Mrs. Gribble sighed, and her husband, after a few further remarks concerning Uncle George, his past and his future, announced his intention of going to the lawyers and seeing whether anything could be done. He came back in a state of voiceless gloom, and spent the rest of a beautiful day indoors, smoking a pipe which had lost much of its flavour, and regarding with a critical and anxious eye the small, weedy figure of his wife as she went about her work.
The second month's payment went into his pocket as a matter of course, but on this occasion Mrs. Gribble made no requests for new clothes or change of residence. A little nervous cough was her sole comment.
"Got a cold?" inquired her husband, starting.
"I don't think so," replied his wife, and, surprised and touched at this unusual display of interest, coughed again.
"Is it your throat or your chest?" he inquired, gruffly.
Mrs. Gribble coughed again to see. After five coughs she said she thought it was her chest.
"You'd better not go out o' doors to-day, then," said Mr. Gribble. "Don't stand about in draughts; and I'll fetch you in a bottle of cough mixture when I go out. What about a lay-down on the sofa?"
His wife thanked him, and, reaching the sofa, watched with half-closed eyes as he cleared the breakfast-table. It was the first time he had done such a thing in his life, and a little honest pride in the possession of such a cough would not be denied. Dim possibilities of its vast usefulness suddenly occurred to her.
She took the cough mixture for a week, by which time other symptoms, extremely disquieting to an ease-loving man, had manifested themselves. Going upstairs deprived her of breath; carrying a loaded tea-tray produced a long and alarming stitch in the side. The last time she ever filled the coal-scuttle she was discovered sitting beside it on the floor in a state of collapse.
"You'd better go and see the doctor," said Mr. Gribble.
Mrs. Gribble went. Years before the doctor had told her that she ought to take life easier, and she was now able to tell him she was prepared to take his advice.
"And, you see, I must take care of myself now for the sake of my husband," she said, after she had explained matters.
"I understand," said the doctor.
"If anything happened to me—" began the patient.
"Nothing shall happen," said the other. "Stay in bed to-morrow morning, and I'll come round and overhaul you."
Mrs. Gribble hesitated. "You might examine me and think I was all right," she objected; "and at the same time you wouldn't know how I feel."
"I know just how you feel," was the reply. "Good-bye."

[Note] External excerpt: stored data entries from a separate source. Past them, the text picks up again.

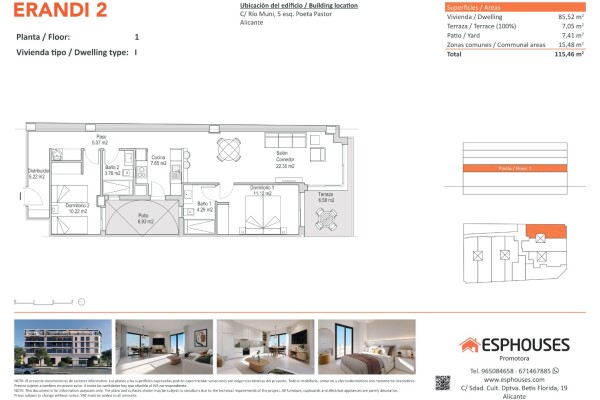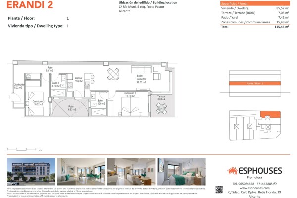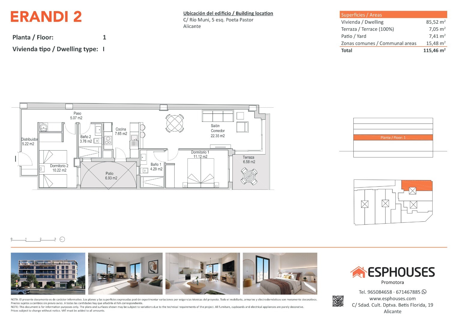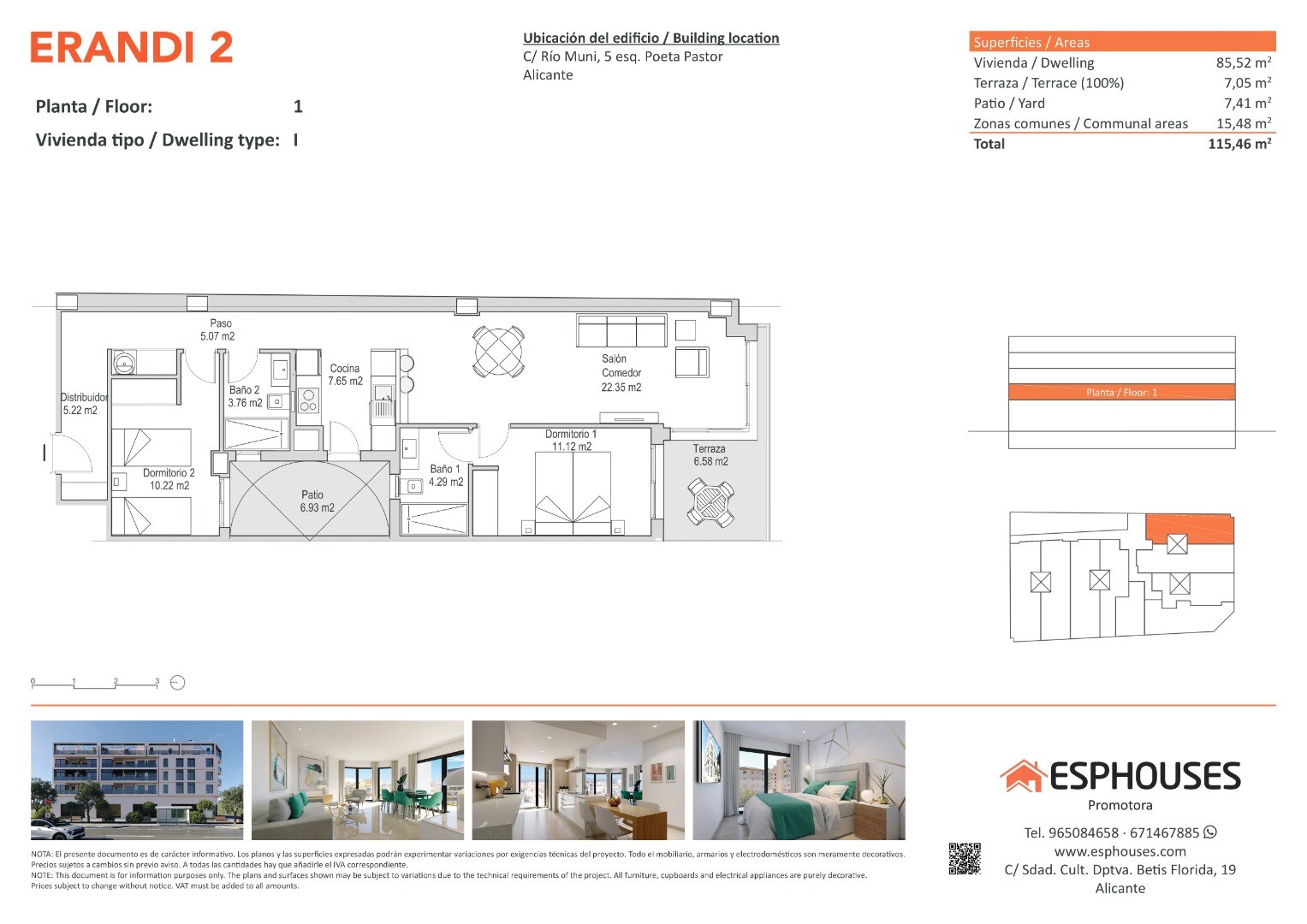 Šis naujos statybos butas yra pirmame ERANDI 2 pastato aukšte ir pasižymi moderniu dizainu, puikiu išplanavimu bei išorinėmis erdvėmis, pritaikytomis mėgautis Viduržemio jūros klimatu. Bendras plotas siekia 85,52 m². Jame yra du miegamieji su sieninėmis spintomis, du vonios kambariai, svetainė su valgomojo zona ir atvira virtuve, pietinė terasa (7,...05 m²) ir privatus kiemas (7,41 m²).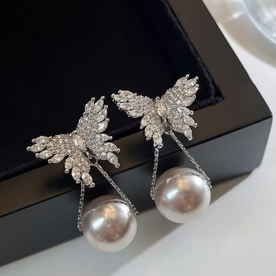 S925银针曼塔玫瑰紫珍珠锆石蝴蝶耳钉轻奢时尚优雅气质高级感耳饰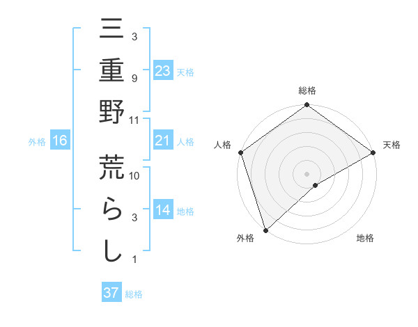 三重野 荒らしさんを姓名の画数から五運を鑑定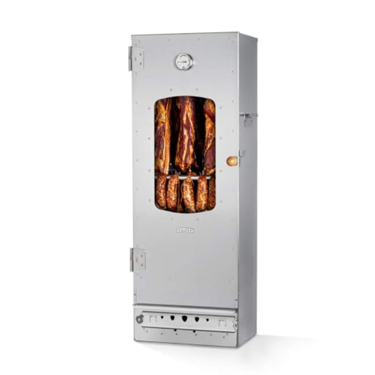 Der KAISER Company ‚100‘ High Quality Smoker Oven ist aus rostfreiem Stahl gefertigt und wird mit einer 5-Jahres-Garantie geliefert. Er ist tragbar, kompakt und verfügt über reichlich Zubehör für den ersten Gebrauch. Der Räucherofen fasst bis zu 15 kg Schweinenacken, 25 Forellen oder 50 Würste auf einmal und ist somit ideal zum Räuchern von Fleisch oder Fisch.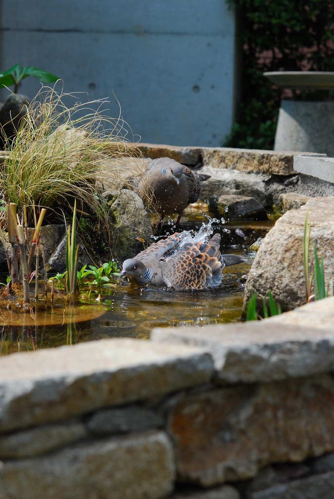 我が家にも、餌台からこぼれた餌を食べたり、石の階段にたまった水を飲みにやって来ます。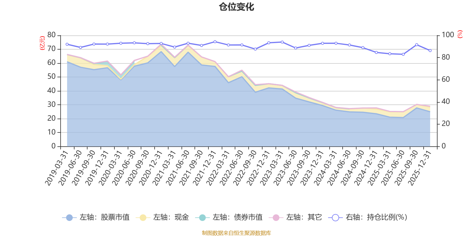 据定期报告数据统计,近三年平均股票仓位为89.08%,同类平均为86.17%。2021年末基金达到94.31%的最高仓位,2025年上半年末最低,为82.98%。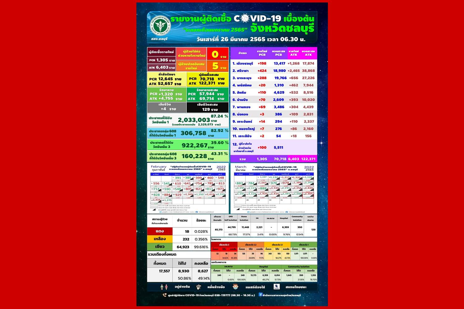 สำนักงานสาธารณสุขจังหวัดชลบุรี สสจ.ชลบุรี รายงานผู้ติดเชื้อโควิด-19 รายใหม่ จำนวน 1,305 ราย (ผู้ติดเชื้อยืนยัน RT-PCR)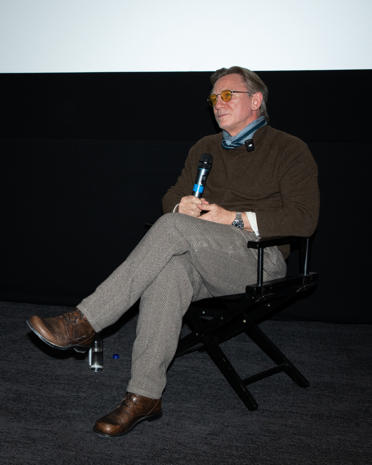 Daniel Craig – in brown boots, tweed trousers, wintry knitwear and a jaunty neckerchief – took to the stage (well, floor) for a post-screening Q&A. The actor was on passionate form as he answered questions about his portrayal of William Lee and his ecstatic, obsession-fuelled relationship with Allerton (Drew Starkey) in 1950s Mexico; the character’s elegantly dishevelled styling; and his and Drew’s embracing of full dance choreography to portray an Ayahuasca trip in a standout scene.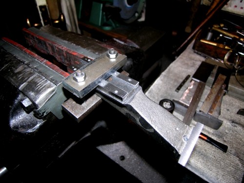 Here's the pic of the clamp that I promised you yesterday. It lets you make sure that the alignment and spacing of the guides is as good as you can get it. God knows I need all the help I can get! Rwo bits of srap and two 1/4" Whitworth bolts. In case you didn't know, Whitworth thread was designed specially to give the best hold for steel threads in cast iron. It's never been improved on and I stick with it! British Standard Fine was developed for steel on steel. One other little tip, a set screw in cast iron has maximum hold when the engaged thread length is 1 1/2 times the bolt diameter. In steel it is the bolt diameter. A rough guide but it works.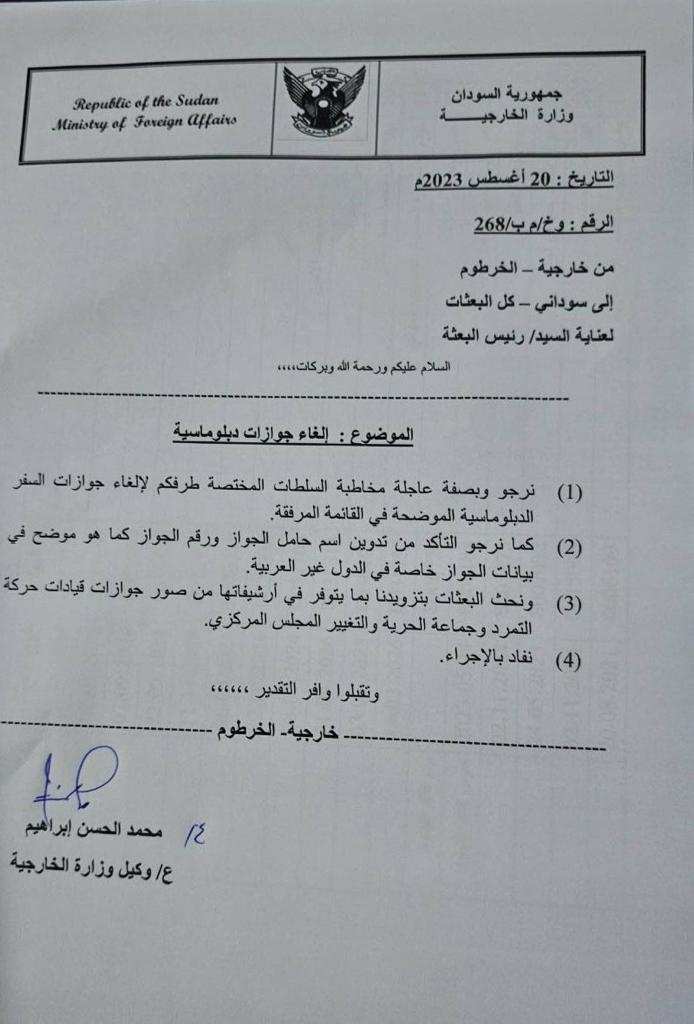 أفريقيا برس – السودان. كشف خطاب رسمي عن الغاء وزارة الخارجية السودانية؛ جوازات سفر دبلوماسية لقيادات بالحرية والتغيير أبرزهم محمد الفكي سليمان عضو مجلس السيادة السابق وخالد عمر وزير شؤون مجلس الوزراء في حكومة حمدوك. وشمل الالغاء جوازات لقيادات بالدعم السريع ابرزهم آل دقلو.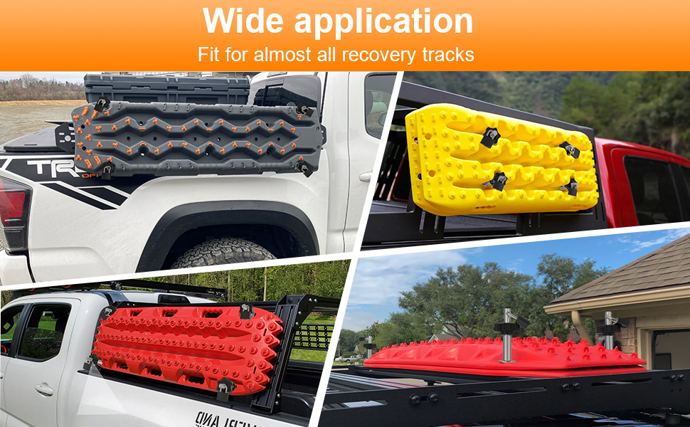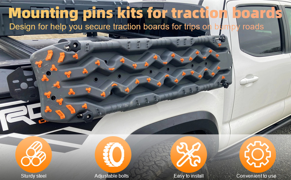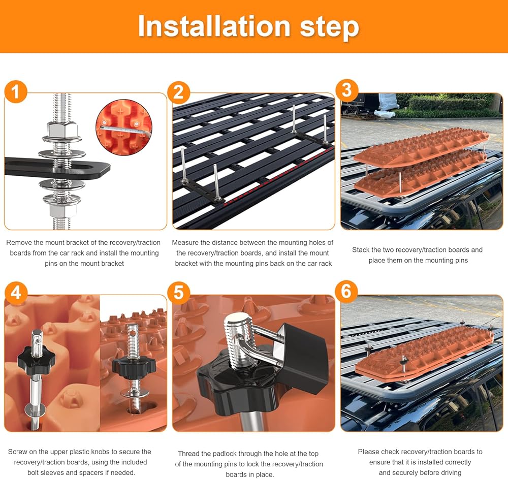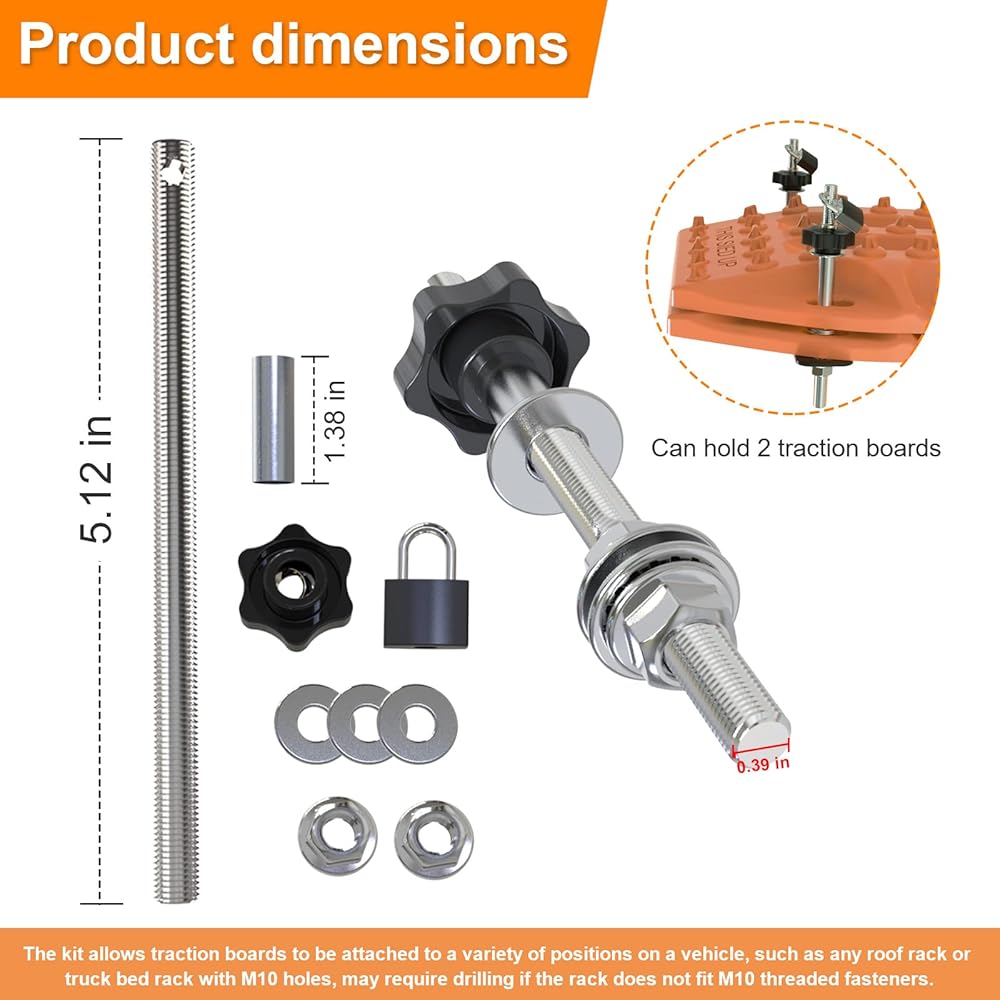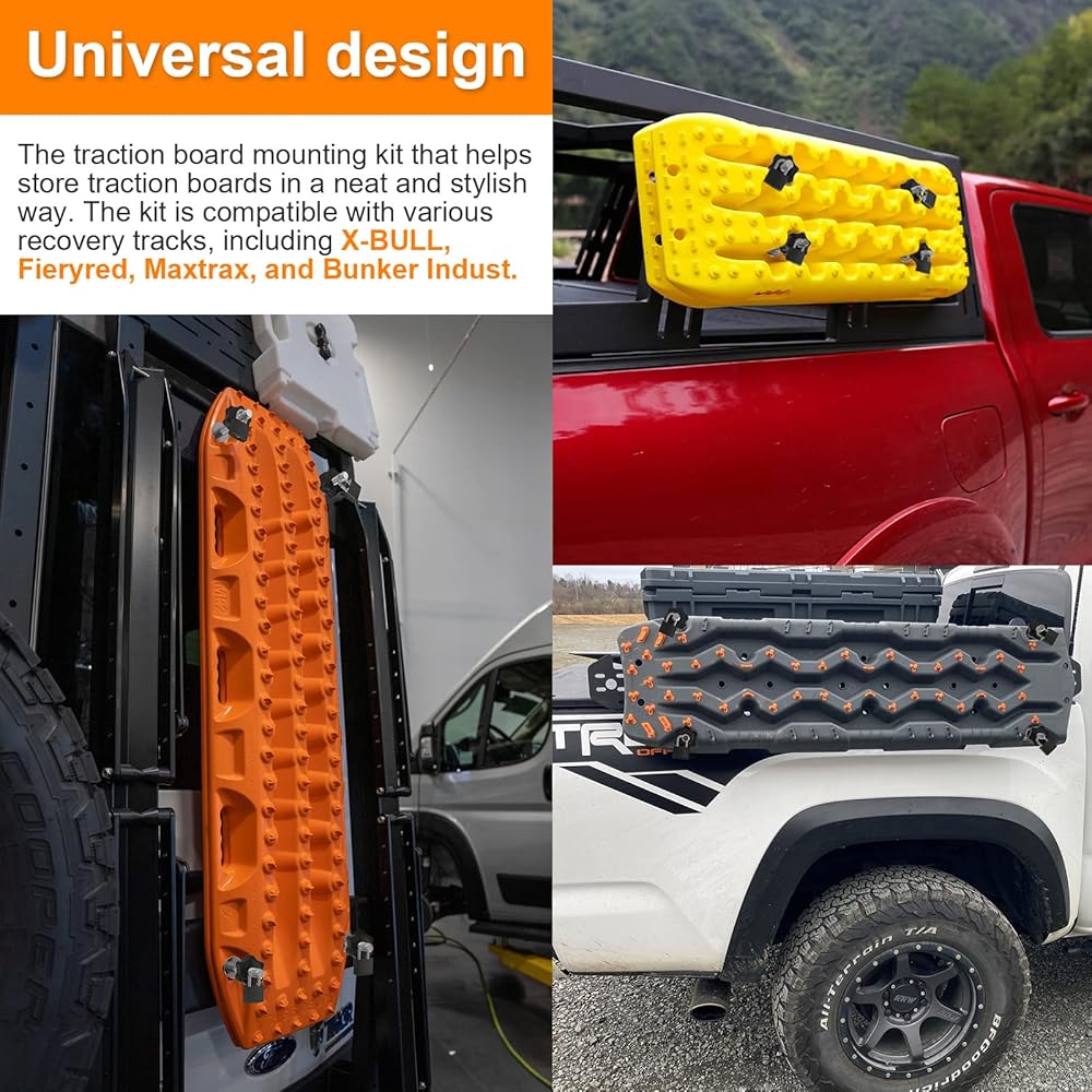 【 تصميم عالمي 】 تساعد مجموعة تركيب لوحة الجر على تخزين لوحات الجر بطريقة أنيقة وأنيقة. المجموعة متوافقة مع مسارات الاسترداد المختلفة، بما في ذلك X-BULL وFieryred وMaxtrax وBunker Industry. يبلغ طول دبابيس التثبيت 16.3 سم ويمكنها حمل لوحتي جر. تسمح المجموعة بربط لوحات الجر في مجموعة متنوعة من المواضع على السيارة، مثل أي رف سقف أو رف سرير شاحنة مزود بفتحات M10 وقد يتطلب الحفر إذا كان الحامل لا يقبل السحابات الملولبة M10.

He came round the following morning and, following the dejected Mr. Gribble upstairs, made a long and thorough investigation of his patient.
"Say 'ninety-nine,'" he said, adjusting his stethoscope.
Mrs. Gribble ticked off "ninety-nines" until her husband's ears ached with them. The doctor finished at last, and, fastening his bag, stood with his beard in his hand, pondering. He looked from the little, whitefaced woman on the bed to the bulky figure of Mr. Gribble.